The implications off the moment were many if the lead would hold.
For one, a loss by the Huskies at this stage of the NCAAs, would be their first exit at Sweet 16 level since 2005 when the Women’s Final Four was also held in Indianapolis.
That marked the end of UConn’s three-season domination and produced a myriad of storylines the rest of the way with Baylor the ultimate beneficiary capturing the Bears’ first NCAA crown.
Baylor would have stood to gain again this time around while ironically here on Tuesday night Joanne P. McCallie would be in better position to guide second-seeded Duke to her first Final Four since finishing second in 2005 when she was still coaching Michigan State.
For two, a loss would have also brought the first premature ending to a reigning senior collegiate superstar’s career in the women’s game since March 22nd, 1999 in Greensboro, N.C.
That was the night in the East Regional when a Duke contingent on the rise short-circuited Tennessee 69-63 ruining a potential national four-peat and closing the women’s collegiate history book on Chamique Holdsclaw.
Nancy Gay, reporting at the time for the San Francisco Chronicle described the ignominious ending of the as follows:
Her auto-pilot offense failed her, her magic never materialized, and the best player in women's college basketball could do nothing last night but bury her head into the comforting arms of Tennessee coach Pat Summitt, sobbing uncontrollably as the final seconds of her brilliant career quickly ticked off the clock.
In one of the biggest upsets in NCAA Tournament history, third-seeded Duke refused to bow to top- seeded Tennessee's pressure defense and glittering roster of All- America stars, limiting Holdsclaw to 11 points and holding on for a 69-63 victory in the East Regional semifinal at Greensboro Coliseum.
Flash back to the present on Sunday afternoon where Georgetown needed just one or more two whacks to fell the great wall of UConn, sending Maya Moore to a similar unanticipated finish.
Around the nation, crowds began to gather to watch the ESPN2 telecast in public areas as they speculated a champion(s) end was on the brink.
However, though Moore had performed closer to human level Sunday afternoon than in the galaxy in which she has thrived, the Georgian was in no mood for history to repeat.
Two minutes earlier, Hall of Fame coach Geno Auriemma and his staff already greased the wheels to kill the Rocky storyline by dropping down from heavyweight to bantamweight fighting mode.

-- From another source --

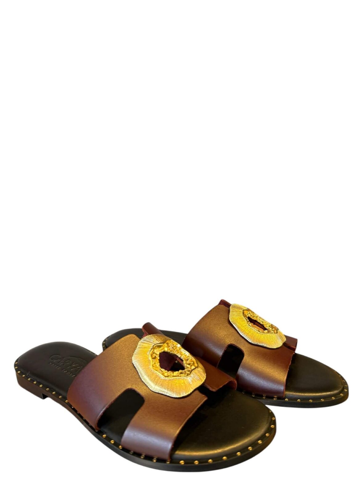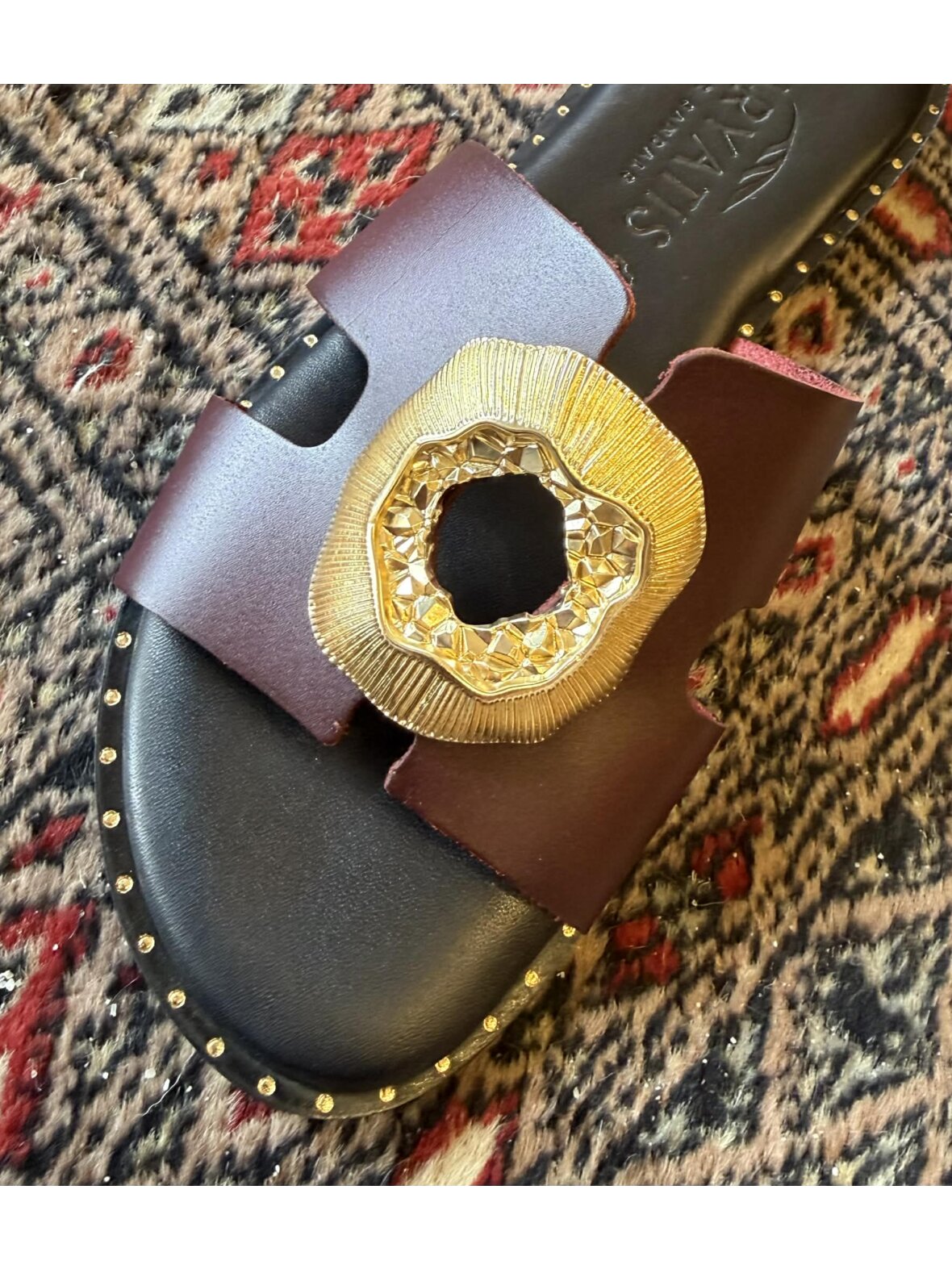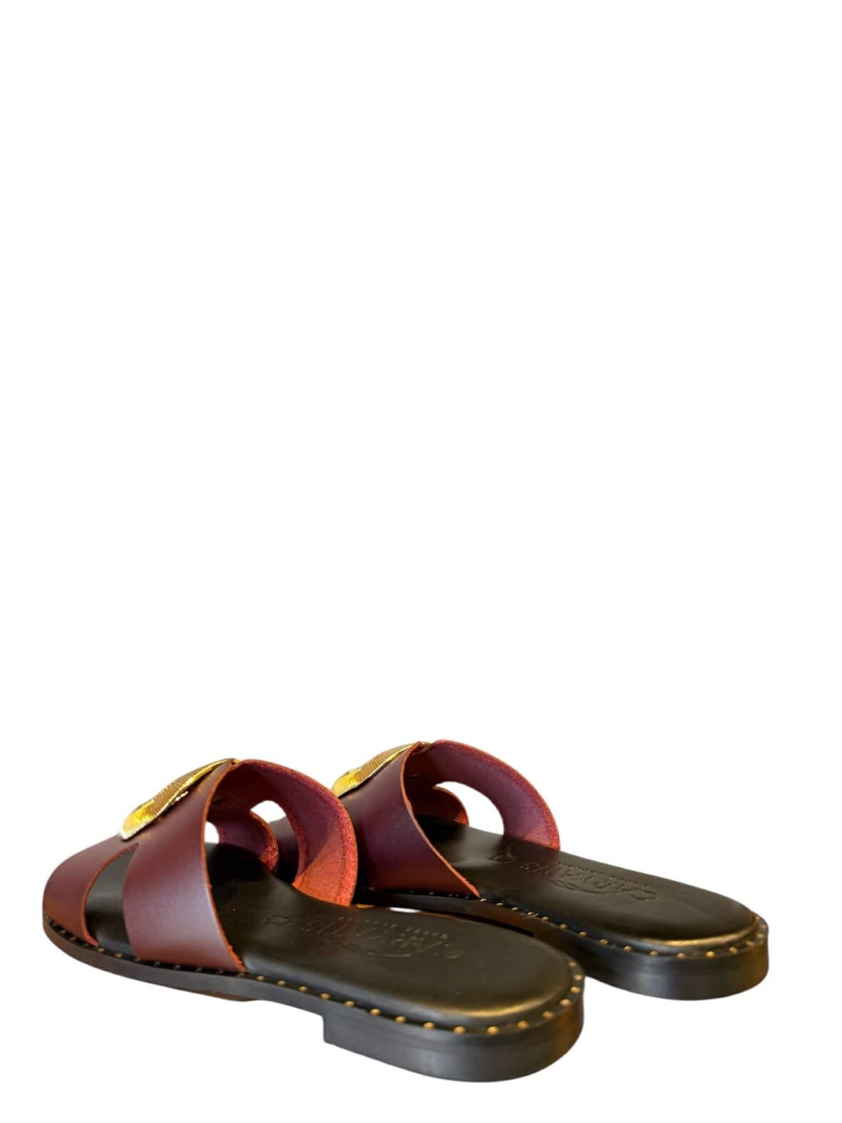 Smuk sandal fra Caryatis i boredeaux skind, med blød komfort. Dekorativ guld ring over foden.
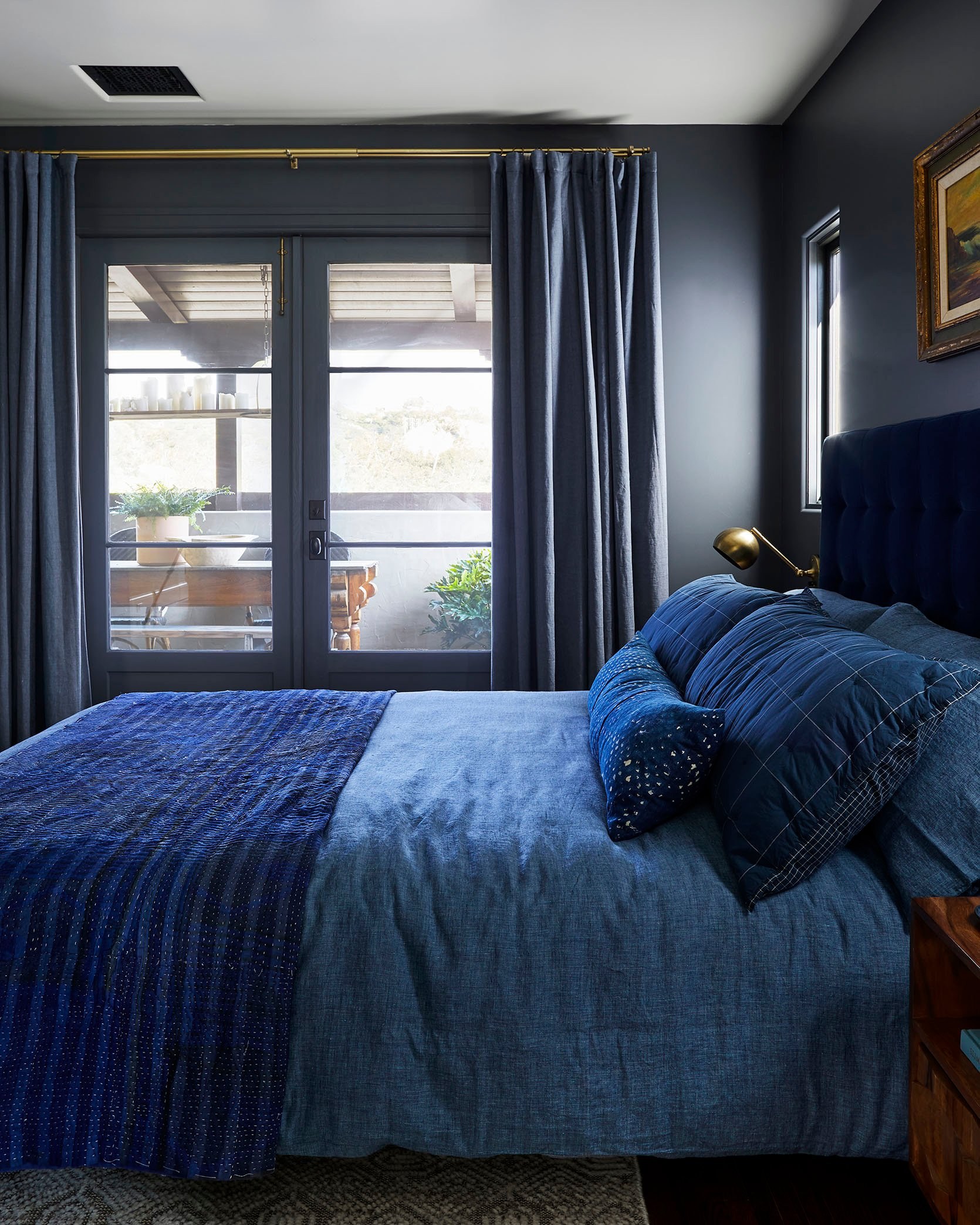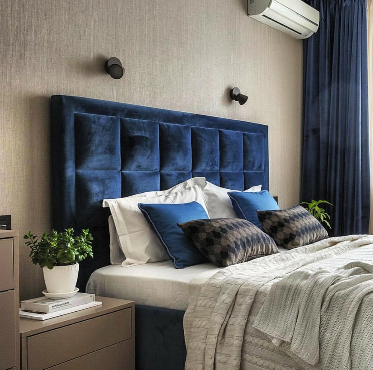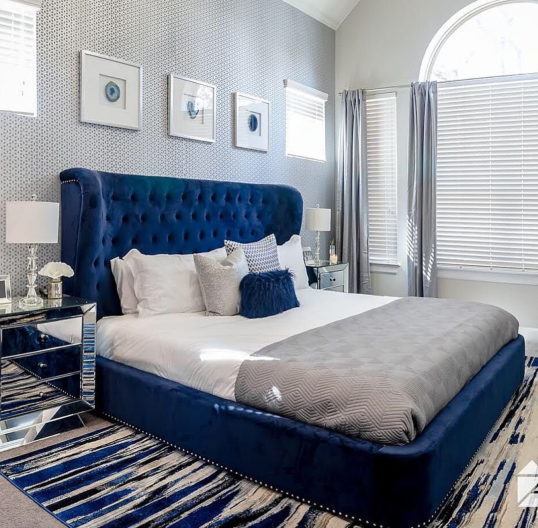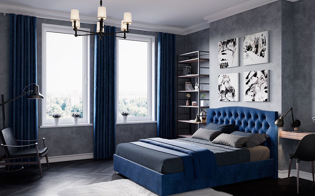 Темно синяя кровать в интерьере

Off the recommendations of an assistant, laboring 6-5 freshman center Stefani Dolson was substituted from a lineup that just had experienced a previous move with senior 5-4 guard Lorin Dixon inserted.
“We just changed our defense a little bit and the way Lorin came in and played changed the tone of the game – everything changed,” Auriemma said.
Dixon had been lackluster most of her career until a month ago. She and freshman guard Bria Hartley began to make things happen and Moore took care of the rest.
“Insert Lorin, never thought I’d say that,” Temple coach Tonya Cardoza tweeted humorously watching the game. Until joining the Owls three seasons ago she had been an Auriemma assistant 14 years, including when Dixon was a freshman.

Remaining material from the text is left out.